The UK’s AI industry is running hot right now. Established tech behemoths like Microsoft are choosing to set up shop in London, the UK’s best minds are at the helm of leading AI startups, and the sector is awash with VC cash.

Credit for this success must be paid in part to the government. The UK has stimulated investment with tax breaks, supported emerging talent with research subsidies, and avoided the heavy-handed innovation-dampening regulatory position of the EU. These all paved the way for the private sector’s dynamism and innovation to power the country into the top tier of AI hubs.

However, if you peek under the floorboards of this success, worrying signs of rot have begun to set in – which, if the government fails to address them quickly, risk bringing the whole structure down.

The AI sector’s demand for energy to feed the ever-increasing demand for compute, risks overwhelming the country’s ailing supply grid and brittle suppliers.

Fortunately, the new government is keenly aware both of the value of the AI sector to the UK’s economy, and also the risk that the power supply crunch poses to industry. I was recently invited to the government’s AI Opportunities Action Plan Roundtable at Number 10, and the initiative demonstrates this government’s commitment to supporting the private sector and building on the industry’s success.

However, a key player was missing from the table – the energy sector. Any discussion on the UK AI’s future has to involve representatives from the energy industry so that tech, energy, and the government can constructively work towards relieving the acute pressure on the power supply.

AI is considerably more energy-intensive than traditional computing. One ChatGPT search uses up to ten times more electricity than a Google search. This discrepancy is driving a surging demand for power supply, with Goldman Sachs estimating that data center power demand will grow 160 percent by 2030, making up 3-4 percent of global use.

The problem that the UK faces is that its energy grid is outdated, and simply can’t handle this level of power demand, which creates severe bottlenecks for compute. The average age for transformers in the UK is 63, and current estimates are that the grid needs £60bn worth of investment just to meet the UK’s de-carbonization targets for 2035, let alone its AI ambitions.

The government is too cash-strapped to meet these demands itself – so it must work arm-in-arm with private sector energy suppliers to ensure that supply meets demand, but also in a sustainable way that guarantees the long-term functioning of these data centers.

What looks like a crisis can also be an opportunity, especially for green energy suppliers, whether they are the sustainable arms of legacy energy multinationals or newer energy scaleups. They should be clamoring at the chance to supply power-hungry data centers. The market is huge, and the data center customers are cash-rich enough to pay for the transition.

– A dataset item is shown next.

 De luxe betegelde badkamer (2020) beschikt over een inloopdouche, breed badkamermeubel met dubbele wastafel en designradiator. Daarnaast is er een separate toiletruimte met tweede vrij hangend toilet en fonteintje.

The first step of this is obviously modernizing the grid, so that any increase in energy produced by the green energy suppliers can be routed to data centers. This will take some upfront cash, but both the green energy and data center industries should be prepared to support the government on this – there are huge upside returns available once the grid’s capacity is increased.

But private-public sector partnerships can go much further than that. The government can start to offer tax incentives for data centers that use a certain proportion of green energy and also for the same energy providers who choose to supply the data centers.

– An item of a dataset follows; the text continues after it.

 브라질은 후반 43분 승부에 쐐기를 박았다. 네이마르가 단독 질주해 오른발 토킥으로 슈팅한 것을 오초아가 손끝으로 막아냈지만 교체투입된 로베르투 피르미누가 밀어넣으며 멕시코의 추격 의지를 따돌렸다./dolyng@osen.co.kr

Additional tax incentives could be provided to deploy sustainable data center infrastructure, such as cold aisle containment and liquid cooling that reduces the amount of energy required to operate. This would stimulate long-term strategic growth of sustainable data center infrastructure.

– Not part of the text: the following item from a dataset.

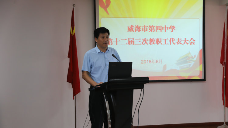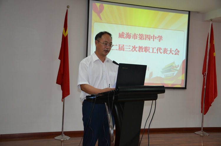学校工会主席邓思源同志致闭幕词,他指出大会的召开为学校带来了新的目标、新的生机、新的力量,也带来了学校发展的新机遇,希望各位代表将来继续以饱满的热情和主人翁的姿态,从学校工作重心和发展大局出发,塑师德、研课改、提质量、求发展,为全力打造“幸福四中”起到强有力的推动作用。

Some paired-back regulations in terms of planning and connecting to the energy grid would also make this transition faster. Currently, buying land and then connecting it to the power supply can be onerous, although not to the extent of other countries. The process is particularly time-consuming for major projects, as it currently takes between 12 and 14 years for new transmission lines to go from conception to being switched on. If the UK could streamline this process further, it would be an even more attractive location for data center providers to build in.

These are some short-term solutions that will work to alleviate some of the pressure as soon as possible. Long-term though, if the UK wants to be a dominant player in the AI industry, the future of data centers has to be nuclear. This is complex, but there is no other source that can hope to meet the long-term demands of AI-fueled computing demand sustainably.

The UK has all the pieces in place to become an AI superpower. It has the talent, the finance, and the tech pedigree to do so. It just needs some targeted attention from the government to ensure that the energy supply can meet these weighty aims.

There’s no way of getting to the top without large amounts of energy consumption – which must be done sustainably. The government must include the energy sector in its plans and start to work constructively together to power the UK’s AI sector forward.